As mentioned, we used Nillion for confidential computing. As Nillion is still being scaled, we kept things as simple as possible and only stored selected SNPs on the network for computation. We also did a lot of operational work to wrap a remote Nillion node with a simple API to keep things stable. As Nillion secrets can’t yet be shared between multiple programs, we run a program for a single trait. The moment the constraint is removed, we will be able to run a plethora of programs on the secret data. Finally, the Nillion infrastructure requires some shepherding at the moment so we ask people to contact us if they have any issues trying the whole system for themselves.
RISC Zero is used for verifiable computation. Due to privacy concerns, we could not use the Bonsai prover that RISC Zero offers for much more efficient performance. We therefore stuck to a relatively less intense analysis of type 2 diabetes for now. Once the local prover becomes more efficient, we will be able to pack in whole genome analysis into the software.

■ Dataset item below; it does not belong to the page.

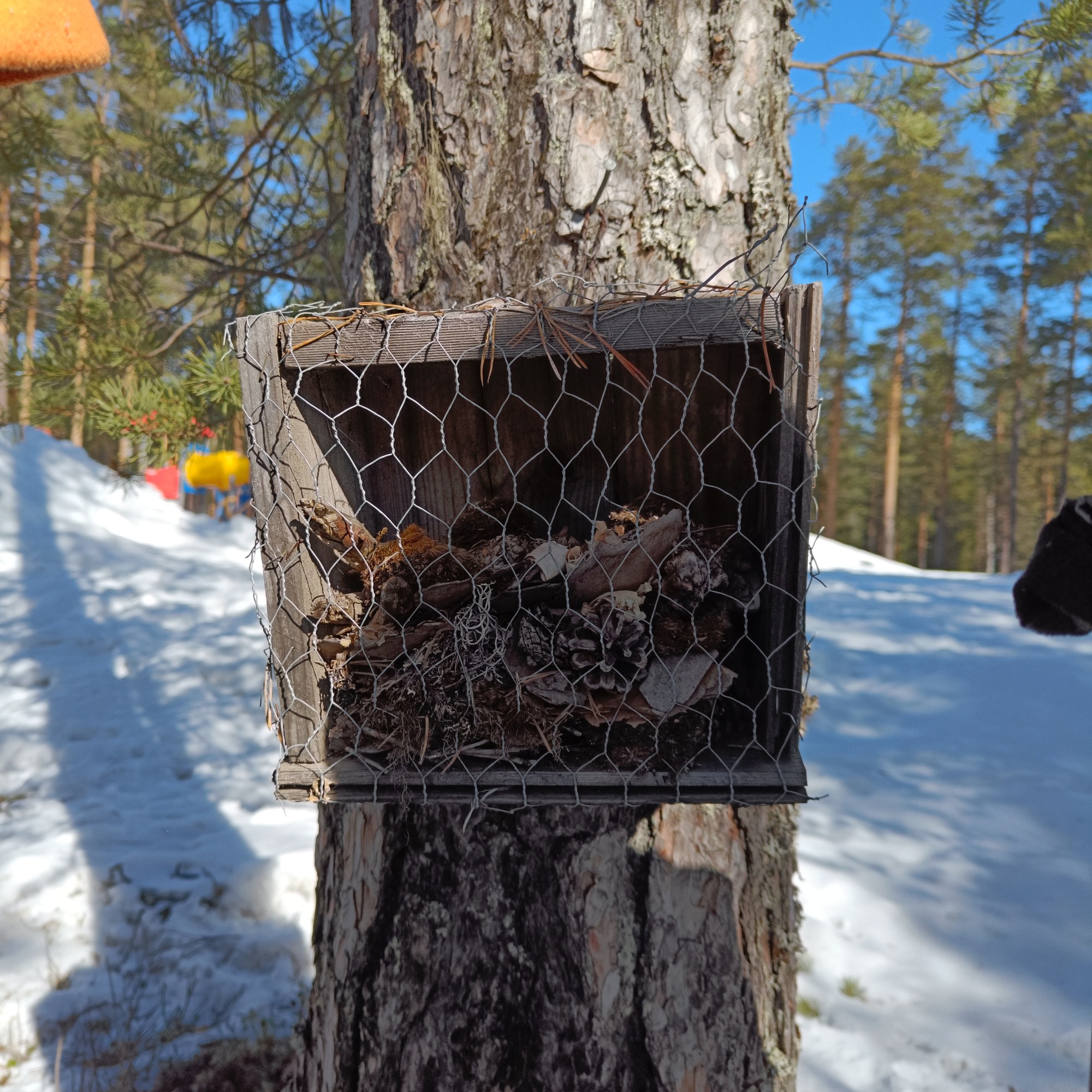 Fyll de ulike boligene i kassen med bambusrør, trestykker med hull i, halm, gress, løv, mose og kongler.
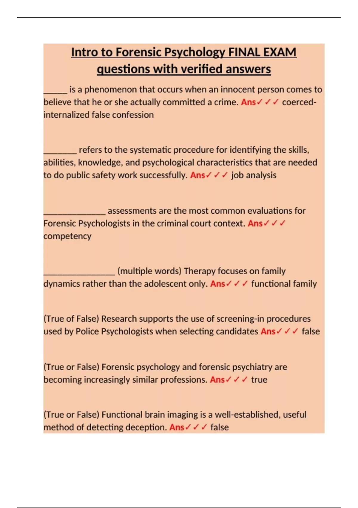used by Police Psychologists when selecting candidates Ans✓✓✓ false

Sign Protocol is used for setting up a chain of trust and encoding results as onchain data. We set up three schemas mentioned above for the chain of trust. For mtDog, we set up a simplified proxy API for Sign Protocol as the software is written in Rust to support RISC Zero and porting over the Sign Protocol libraries over to rust was too heavy a lift for the hackathon. All attestations are written on Base Sepolia for now.
The full architecture diagram can be seen at https://github.com/Cryptonomic/MonadicDNA/blob/main/docs/architecture.png.
The apps for Monadic DNA and SnipperBot are written in TypeScript using Next.js. The mtDog Rust UI uses a GUI framework called egui We considered rendering our RISC Zero Rust program to WASM so even the mtDog UI could be written in Node.js but the effort involved would be too great for a hackathon.